*** Data for the task ***

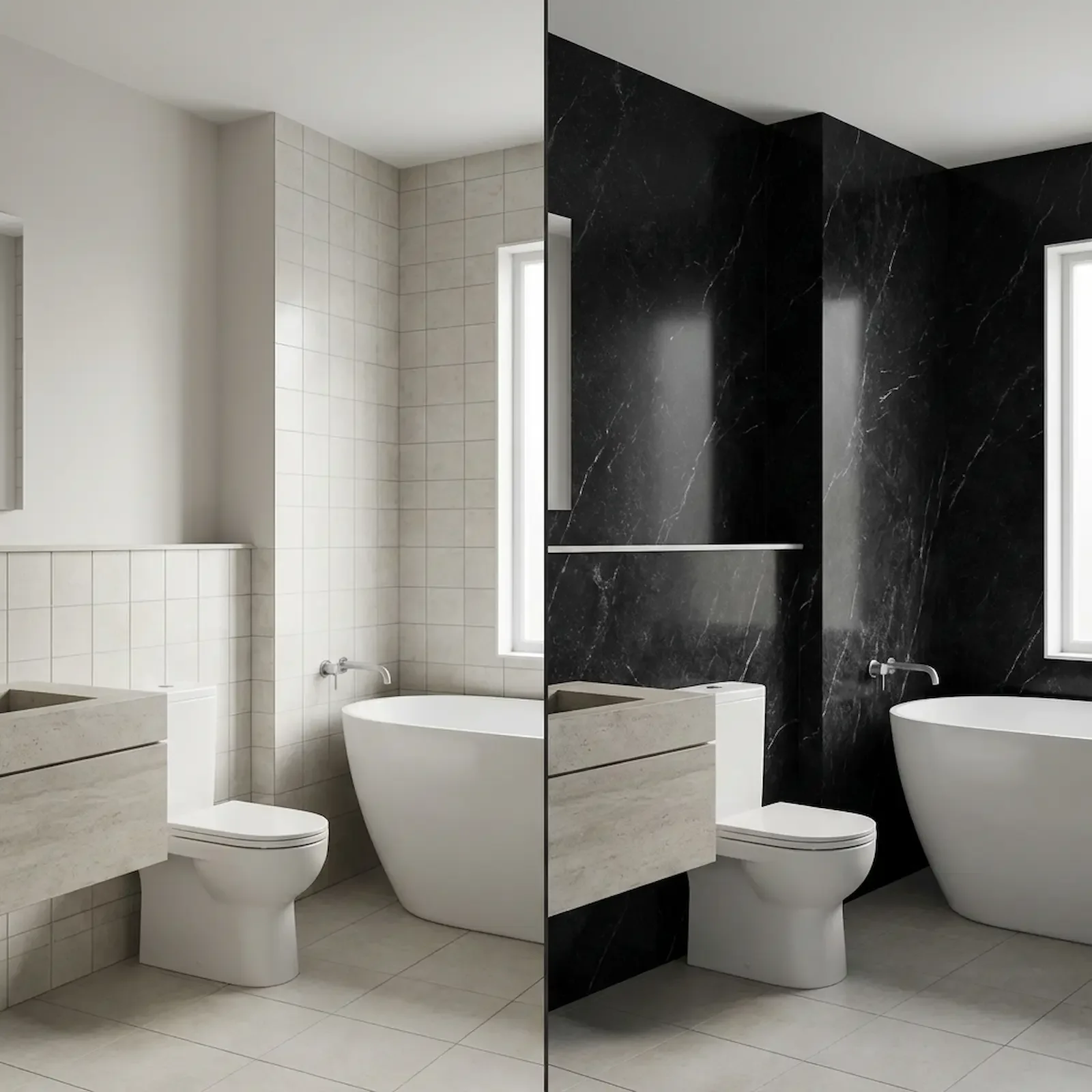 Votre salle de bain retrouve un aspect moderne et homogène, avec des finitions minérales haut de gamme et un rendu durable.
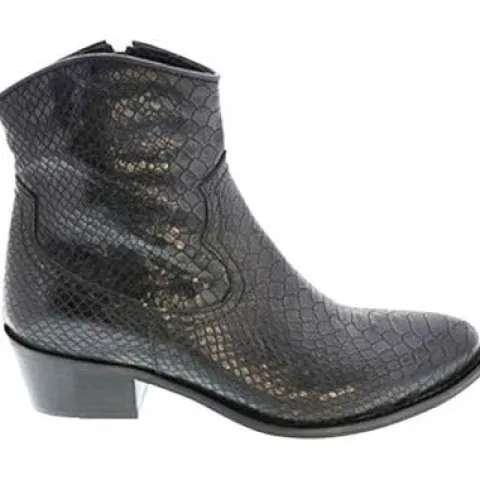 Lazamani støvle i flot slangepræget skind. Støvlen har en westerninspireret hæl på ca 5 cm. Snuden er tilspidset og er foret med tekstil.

*** End of Data for the task ***
*** Data for the task ***

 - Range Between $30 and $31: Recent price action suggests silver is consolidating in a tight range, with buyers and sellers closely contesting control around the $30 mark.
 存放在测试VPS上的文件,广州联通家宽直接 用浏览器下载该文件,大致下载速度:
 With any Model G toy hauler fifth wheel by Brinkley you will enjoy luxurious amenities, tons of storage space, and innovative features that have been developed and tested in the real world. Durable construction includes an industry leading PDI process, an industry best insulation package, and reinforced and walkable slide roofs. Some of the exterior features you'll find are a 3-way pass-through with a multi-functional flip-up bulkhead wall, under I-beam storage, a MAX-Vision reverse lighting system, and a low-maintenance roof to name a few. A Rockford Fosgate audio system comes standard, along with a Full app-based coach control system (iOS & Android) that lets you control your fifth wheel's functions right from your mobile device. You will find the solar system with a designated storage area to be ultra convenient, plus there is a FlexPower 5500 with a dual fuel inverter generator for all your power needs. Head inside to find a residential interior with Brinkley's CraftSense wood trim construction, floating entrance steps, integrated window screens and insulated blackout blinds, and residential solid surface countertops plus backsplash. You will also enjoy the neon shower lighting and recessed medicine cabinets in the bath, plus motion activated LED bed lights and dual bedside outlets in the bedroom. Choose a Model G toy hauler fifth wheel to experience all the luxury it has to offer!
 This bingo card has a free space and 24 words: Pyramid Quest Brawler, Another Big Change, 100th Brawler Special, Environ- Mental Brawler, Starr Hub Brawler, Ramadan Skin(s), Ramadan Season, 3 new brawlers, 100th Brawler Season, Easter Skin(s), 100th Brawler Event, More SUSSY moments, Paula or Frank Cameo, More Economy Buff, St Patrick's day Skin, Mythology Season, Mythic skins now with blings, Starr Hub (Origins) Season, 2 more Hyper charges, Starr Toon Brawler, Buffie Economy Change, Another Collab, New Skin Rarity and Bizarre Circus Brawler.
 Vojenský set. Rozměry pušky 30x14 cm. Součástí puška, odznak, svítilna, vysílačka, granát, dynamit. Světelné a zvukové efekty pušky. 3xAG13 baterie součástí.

*** End of Data for the task ***
*** Data for the task ***

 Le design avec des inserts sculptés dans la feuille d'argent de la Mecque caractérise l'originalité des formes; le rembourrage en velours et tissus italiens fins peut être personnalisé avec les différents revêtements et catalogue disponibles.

*** End of Data for the task ***

__Work required__
Repeat exactly, and only, the entries from the line with "Votre salle de" through the line with "Lazamani støvle i". Pictures are skipped.

__Solution__
 Votre salle de bain retrouve un aspect moderne et homogène, avec des finitions minérales haut de gamme et un rendu durable.
 Lazamani støvle i flot slangepræget skind. Støvlen har en westerninspireret hæl på ca 5 cm. Snuden er tilspidset og er foret med tekstil.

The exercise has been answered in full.